■ **WORK TASK**
Look through the listing below and work out how many of its lines hold the word "Reichental". Give only the number.

-*-

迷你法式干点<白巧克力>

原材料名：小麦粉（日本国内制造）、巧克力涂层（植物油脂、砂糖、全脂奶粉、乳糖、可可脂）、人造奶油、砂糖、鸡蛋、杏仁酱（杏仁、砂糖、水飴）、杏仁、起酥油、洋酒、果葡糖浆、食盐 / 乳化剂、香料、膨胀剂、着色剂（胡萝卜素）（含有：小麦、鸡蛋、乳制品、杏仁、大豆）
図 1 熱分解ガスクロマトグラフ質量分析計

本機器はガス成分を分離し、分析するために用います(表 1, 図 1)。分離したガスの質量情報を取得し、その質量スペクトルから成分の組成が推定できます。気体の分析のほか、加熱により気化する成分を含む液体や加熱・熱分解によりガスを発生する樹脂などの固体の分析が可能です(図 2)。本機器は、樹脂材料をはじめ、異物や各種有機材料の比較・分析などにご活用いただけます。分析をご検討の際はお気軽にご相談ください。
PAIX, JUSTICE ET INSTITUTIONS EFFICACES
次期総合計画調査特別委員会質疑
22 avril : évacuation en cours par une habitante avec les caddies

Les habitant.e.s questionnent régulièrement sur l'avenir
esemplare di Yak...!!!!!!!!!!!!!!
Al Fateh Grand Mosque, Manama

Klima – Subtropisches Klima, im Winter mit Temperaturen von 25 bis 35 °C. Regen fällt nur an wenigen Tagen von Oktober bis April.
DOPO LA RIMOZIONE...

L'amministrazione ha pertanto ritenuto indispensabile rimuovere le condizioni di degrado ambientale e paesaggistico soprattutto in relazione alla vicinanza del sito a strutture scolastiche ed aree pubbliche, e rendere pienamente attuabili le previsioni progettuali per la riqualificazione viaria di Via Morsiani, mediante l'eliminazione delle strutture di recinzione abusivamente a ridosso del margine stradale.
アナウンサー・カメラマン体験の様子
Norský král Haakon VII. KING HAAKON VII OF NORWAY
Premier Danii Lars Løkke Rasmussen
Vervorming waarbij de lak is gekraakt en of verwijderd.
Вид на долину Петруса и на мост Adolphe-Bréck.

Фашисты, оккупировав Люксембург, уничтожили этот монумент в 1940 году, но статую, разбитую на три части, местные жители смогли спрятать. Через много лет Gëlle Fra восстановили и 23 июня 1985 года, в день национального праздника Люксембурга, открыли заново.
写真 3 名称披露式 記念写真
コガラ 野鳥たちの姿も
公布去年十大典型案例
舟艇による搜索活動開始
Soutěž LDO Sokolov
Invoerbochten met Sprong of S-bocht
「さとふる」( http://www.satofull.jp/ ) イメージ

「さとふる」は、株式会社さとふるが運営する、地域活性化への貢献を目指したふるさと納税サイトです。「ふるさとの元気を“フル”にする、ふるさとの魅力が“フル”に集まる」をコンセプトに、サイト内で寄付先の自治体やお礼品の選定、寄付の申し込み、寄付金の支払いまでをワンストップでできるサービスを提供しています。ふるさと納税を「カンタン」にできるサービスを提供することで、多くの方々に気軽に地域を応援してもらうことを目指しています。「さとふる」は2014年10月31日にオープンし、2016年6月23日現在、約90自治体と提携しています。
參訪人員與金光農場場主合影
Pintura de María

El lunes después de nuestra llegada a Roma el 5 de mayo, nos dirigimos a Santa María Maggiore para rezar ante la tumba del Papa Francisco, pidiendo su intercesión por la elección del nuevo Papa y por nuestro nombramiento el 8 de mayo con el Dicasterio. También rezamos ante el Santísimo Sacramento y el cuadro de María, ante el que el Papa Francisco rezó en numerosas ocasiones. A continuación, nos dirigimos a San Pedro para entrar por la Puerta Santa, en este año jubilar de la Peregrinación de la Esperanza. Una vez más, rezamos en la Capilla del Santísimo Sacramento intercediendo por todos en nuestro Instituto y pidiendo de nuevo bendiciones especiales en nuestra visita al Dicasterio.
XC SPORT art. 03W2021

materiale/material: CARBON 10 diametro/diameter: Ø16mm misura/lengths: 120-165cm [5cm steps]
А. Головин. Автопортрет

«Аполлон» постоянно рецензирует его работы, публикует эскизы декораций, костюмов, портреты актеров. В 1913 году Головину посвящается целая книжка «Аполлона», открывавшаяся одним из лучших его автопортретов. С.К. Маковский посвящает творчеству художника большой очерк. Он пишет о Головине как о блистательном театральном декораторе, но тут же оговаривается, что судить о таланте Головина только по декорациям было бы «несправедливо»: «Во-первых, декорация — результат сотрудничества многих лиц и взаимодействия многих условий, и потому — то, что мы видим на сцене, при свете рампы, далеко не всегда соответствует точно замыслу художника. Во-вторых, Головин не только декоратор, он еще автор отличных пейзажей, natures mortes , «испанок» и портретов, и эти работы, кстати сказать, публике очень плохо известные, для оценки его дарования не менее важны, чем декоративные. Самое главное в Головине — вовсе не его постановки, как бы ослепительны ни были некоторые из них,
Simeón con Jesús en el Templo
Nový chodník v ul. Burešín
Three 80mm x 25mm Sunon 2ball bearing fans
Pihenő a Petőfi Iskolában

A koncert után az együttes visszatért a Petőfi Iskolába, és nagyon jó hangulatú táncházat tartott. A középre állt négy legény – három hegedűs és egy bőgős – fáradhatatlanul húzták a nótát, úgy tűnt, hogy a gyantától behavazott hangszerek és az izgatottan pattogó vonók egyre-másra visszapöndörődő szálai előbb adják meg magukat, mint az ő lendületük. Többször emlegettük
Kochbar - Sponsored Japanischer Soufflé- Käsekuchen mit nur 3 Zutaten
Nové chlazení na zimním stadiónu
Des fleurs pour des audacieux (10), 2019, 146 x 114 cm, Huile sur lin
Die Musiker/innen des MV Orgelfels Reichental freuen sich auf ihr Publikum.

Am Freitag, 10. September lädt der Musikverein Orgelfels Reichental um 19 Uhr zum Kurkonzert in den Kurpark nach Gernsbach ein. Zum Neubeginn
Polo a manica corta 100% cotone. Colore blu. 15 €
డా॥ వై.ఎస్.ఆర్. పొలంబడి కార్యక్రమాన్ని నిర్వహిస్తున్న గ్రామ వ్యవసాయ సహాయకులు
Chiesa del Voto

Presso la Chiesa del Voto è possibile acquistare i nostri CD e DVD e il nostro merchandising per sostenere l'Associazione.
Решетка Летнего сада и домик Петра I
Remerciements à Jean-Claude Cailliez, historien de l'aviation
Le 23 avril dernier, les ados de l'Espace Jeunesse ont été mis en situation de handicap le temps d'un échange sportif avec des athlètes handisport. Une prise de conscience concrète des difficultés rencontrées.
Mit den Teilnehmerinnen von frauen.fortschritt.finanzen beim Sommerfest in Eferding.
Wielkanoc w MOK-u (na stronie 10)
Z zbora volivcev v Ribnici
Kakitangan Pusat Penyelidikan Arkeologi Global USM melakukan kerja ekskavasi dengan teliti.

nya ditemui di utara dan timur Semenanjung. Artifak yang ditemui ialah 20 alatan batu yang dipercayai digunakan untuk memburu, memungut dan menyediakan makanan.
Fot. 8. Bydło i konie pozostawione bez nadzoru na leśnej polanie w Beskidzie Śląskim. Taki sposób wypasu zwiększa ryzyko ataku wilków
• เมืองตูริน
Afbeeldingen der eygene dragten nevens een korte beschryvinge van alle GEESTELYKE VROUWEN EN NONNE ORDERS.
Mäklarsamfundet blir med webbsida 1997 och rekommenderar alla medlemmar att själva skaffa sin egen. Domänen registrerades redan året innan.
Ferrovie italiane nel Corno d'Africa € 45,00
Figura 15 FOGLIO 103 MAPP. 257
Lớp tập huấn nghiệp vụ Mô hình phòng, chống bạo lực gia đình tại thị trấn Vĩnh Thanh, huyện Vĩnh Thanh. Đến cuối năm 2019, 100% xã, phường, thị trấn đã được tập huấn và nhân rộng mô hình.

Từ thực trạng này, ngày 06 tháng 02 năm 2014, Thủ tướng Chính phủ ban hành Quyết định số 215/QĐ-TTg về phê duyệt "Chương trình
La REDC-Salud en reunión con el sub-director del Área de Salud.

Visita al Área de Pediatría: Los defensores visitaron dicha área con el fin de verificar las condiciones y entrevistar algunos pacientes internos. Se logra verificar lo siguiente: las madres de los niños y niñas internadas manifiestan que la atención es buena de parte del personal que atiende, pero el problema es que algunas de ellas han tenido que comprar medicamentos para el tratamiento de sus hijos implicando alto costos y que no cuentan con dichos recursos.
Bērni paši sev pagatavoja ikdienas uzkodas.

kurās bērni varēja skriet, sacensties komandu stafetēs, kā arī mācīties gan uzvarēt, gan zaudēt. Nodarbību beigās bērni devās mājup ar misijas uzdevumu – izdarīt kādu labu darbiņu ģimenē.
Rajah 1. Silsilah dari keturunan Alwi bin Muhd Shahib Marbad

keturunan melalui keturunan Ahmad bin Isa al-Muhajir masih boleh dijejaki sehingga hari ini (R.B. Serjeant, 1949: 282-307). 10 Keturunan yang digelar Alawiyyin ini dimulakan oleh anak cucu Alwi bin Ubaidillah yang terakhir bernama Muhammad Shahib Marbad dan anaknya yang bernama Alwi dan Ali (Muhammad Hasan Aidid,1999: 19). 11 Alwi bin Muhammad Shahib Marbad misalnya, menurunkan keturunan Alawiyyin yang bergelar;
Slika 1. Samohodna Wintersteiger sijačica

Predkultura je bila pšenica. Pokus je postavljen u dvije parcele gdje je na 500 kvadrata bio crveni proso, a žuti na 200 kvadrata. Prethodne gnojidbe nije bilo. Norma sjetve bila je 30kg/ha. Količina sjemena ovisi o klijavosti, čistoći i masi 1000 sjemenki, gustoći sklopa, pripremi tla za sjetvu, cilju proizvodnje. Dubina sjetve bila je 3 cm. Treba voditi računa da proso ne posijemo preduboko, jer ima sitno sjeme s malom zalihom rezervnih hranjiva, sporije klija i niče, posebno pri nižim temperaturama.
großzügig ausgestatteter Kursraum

-*-

■ **FINISHED TASK**
2